-------- SUPPLIED INFORMATION --------
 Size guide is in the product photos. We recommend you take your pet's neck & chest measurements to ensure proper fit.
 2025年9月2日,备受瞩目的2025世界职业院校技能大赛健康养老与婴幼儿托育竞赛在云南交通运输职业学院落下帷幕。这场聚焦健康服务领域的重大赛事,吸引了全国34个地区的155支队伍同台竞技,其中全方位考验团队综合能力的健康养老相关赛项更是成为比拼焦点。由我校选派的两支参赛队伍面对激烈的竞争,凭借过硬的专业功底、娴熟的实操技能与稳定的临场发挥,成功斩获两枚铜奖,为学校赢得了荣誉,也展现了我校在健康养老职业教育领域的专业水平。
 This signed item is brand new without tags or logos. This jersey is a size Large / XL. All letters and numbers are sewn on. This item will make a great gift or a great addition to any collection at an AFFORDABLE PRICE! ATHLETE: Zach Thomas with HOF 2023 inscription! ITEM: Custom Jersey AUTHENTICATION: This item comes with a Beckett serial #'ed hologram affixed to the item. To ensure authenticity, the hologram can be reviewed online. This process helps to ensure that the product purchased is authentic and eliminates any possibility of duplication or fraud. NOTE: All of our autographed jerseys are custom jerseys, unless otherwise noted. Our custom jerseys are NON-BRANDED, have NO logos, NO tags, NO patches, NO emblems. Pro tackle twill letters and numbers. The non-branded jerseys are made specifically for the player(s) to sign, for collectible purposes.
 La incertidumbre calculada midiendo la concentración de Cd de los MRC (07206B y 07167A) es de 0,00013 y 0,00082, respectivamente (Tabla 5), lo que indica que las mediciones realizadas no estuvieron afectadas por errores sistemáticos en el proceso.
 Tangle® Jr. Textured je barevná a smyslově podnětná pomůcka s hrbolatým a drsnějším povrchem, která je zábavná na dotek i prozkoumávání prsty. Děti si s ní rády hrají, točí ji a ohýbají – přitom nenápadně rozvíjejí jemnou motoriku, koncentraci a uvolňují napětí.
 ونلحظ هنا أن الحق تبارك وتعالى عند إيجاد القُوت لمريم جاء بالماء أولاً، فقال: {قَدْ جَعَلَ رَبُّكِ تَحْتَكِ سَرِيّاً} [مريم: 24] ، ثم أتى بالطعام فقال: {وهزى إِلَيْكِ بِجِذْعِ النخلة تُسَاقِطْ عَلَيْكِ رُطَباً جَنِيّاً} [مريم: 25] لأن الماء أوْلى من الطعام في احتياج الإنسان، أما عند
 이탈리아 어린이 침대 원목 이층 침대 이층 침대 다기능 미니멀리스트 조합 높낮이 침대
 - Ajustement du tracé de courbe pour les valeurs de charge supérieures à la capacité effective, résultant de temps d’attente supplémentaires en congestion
--------
■ EXERCISE REQUIREMENTS
Apply a filter for "product" to the entries and show each line that passes.

■ YOUR SOLUTION
 Size guide is in the product photos. We recommend you take your pet's neck & chest measurements to ensure proper fit.
 This signed item is brand new without tags or logos. This jersey is a size Large / XL. All letters and numbers are sewn on. This item will make a great gift or a great addition to any collection at an AFFORDABLE PRICE! ATHLETE: Zach Thomas with HOF 2023 inscription! ITEM: Custom Jersey AUTHENTICATION: This item comes with a Beckett serial #'ed hologram affixed to the item. To ensure authenticity, the hologram can be reviewed online. This process helps to ensure that the product purchased is authentic and eliminates any possibility of duplication or fraud. NOTE: All of our autographed jerseys are custom jerseys, unless otherwise noted. Our custom jerseys are NON-BRANDED, have NO logos, NO tags, NO patches, NO emblems. Pro tackle twill letters and numbers. The non-branded jerseys are made specifically for the player(s) to sign, for collectible purposes.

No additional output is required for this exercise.